Palabras clave: Política educativa y legislación, Gestión escolar democrática, Planes Decenales de Educación.

INTRODUÇÃO

Os fatos comprovam que a gestão democrática da educação não é uma concessão governamental [...]. Ao contrário, é uma conquista histórica de enormes proporções, que implica uma filosofia política e uma estratégia de ação pedagógica. [Portanto], a democracia e a gestão democrática não se reduzem à eleição de nossos dirigentes políticos e gestores educacionais. Requerem também a participação coletiva da cidadania no controle social do exercício da função pública e do governo na educação.

Benno Sander (2010)

Perante a iminência do término de vigência do Plano Nacional de Educação/PNE 2014-2024, sobrevêm as preocupações com os rumos da educação brasileira e da qualidade do ensino que deve caracterizá-la, para o atendimento das demandas socioeducacionais. Dentre as matérias relativas a esse assunto, o estudo que ora vem à lume aborda a aplicação da Lei 13.005/2014, que aprova o PNE, no sentido de cumprimento do disposto na Constituição Federal/88, bem como na Lei de Diretrizes e Bases da Educação Nacional - LDB/96, que assim dispõem, respectivamente:

Art. 214 A lei estabelecerá o Plano Nacional de Educação, de duração decenal, com o objetivo de articular o Sistema Nacional de Educação em regime de colaboração, e definir diretrizes, objetivos, metas e estratégias de implementação para assegurar a manutenção e desenvolvimento do ensino em seus diversos níveis, etapas e modalidades, por meio de ações integradas dos poderes públicos das diferentes esferas federativas [...] (BRASIL, 1988, grifos nossos).

Art. 3º O ensino será ministrado com base nos seguintes princípios: [...] VIII - gestão democrática do ensino público, na forma desta Lei e da legislação dos sistemas de ensino. Art. 14 Os sistemas de ensino definirão as normas da gestão democrática do ensino público na educação básica, de acordo com as suas peculiaridades e conforme os seguintes princípios: [...] II - participação das comunidades escolar e local em conselhos escolares ou equivalentes. [...] Art. 15 Os sistemas de ensino assegurarão às unidades escolares públicas de educação básica que os integram, progressivos graus de autonomia pedagógica e administrativa e de gestão financeira, observadas as normas gerais de direito financeiro público. (BRASIL, 1996, grifos nossos).

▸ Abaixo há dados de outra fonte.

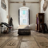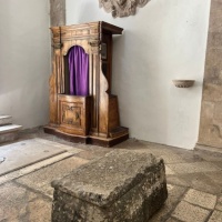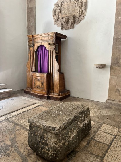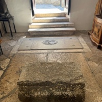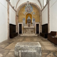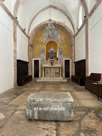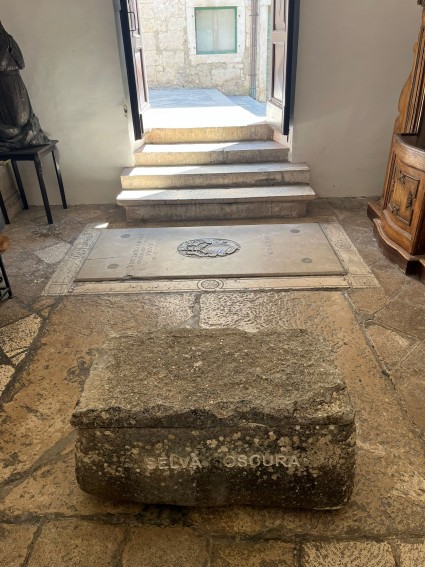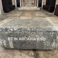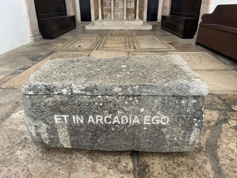 Tijekom godinu dana u unutrašnjosti crkve nalazi se i strani objekt: svojevrsna škrinja izrađena od grubo obrađenog lokalnog vapnenca, široka nešto više od metra i na ugodnoj visini za sjedenje. Teška oko četvrt tone, ima zapreminu od 250 litara i prekrivena je kamenom pločom. Na prednjoj strani posjetitelje dočekuju poznate riječi ET IN ARCADIA EGO, uklesane jasnim kapitalnim slovima, dok ih na stražnjoj strani ispraća pomalo zagonetan natpis SELVA OSCURA. Ova intervencija pretvara naizgled banalni strani predmet u artefakt, u umjetničko djelo.

Integrado por 20 Metas e 254 Estratégias, o atual PNE é adjetivado pela Confederação Nacional dos Trabalhadores em Estabelecimentos de Ensino (CONTEE) como “uma conquista das entidades e do movimento social [...] que defendem o fortalecimento da educação pública.” (CONTEE, [2014]). Dessa maneira, os movimentos sociais alcançam o status de protagonistas na definição de um dos mais importantes instrumentos de gestão da educação brasileira.

A propósito da construção do documento em tela, após três anos e meio de tramitação (2010-2014) o PNE emerge como coroamento das ações empreendidas em 2010, por diferentes atores sociais, na Conferência Nacional de Educação (CONAE). Nesse evento, a Gestão Democrática da Educação/GDE passa a ser entendida e defendida como:

espaço de deliberação coletiva, [que] precisa ser assumida como fator de melhoria da qualidade da educação e do aprimoramento e continuidade das políticas educacionais, enquanto políticas de Estado articuladas com as diretrizes nacionais para todos os níveis e modalidades de ensino. (BRASIL, 2010).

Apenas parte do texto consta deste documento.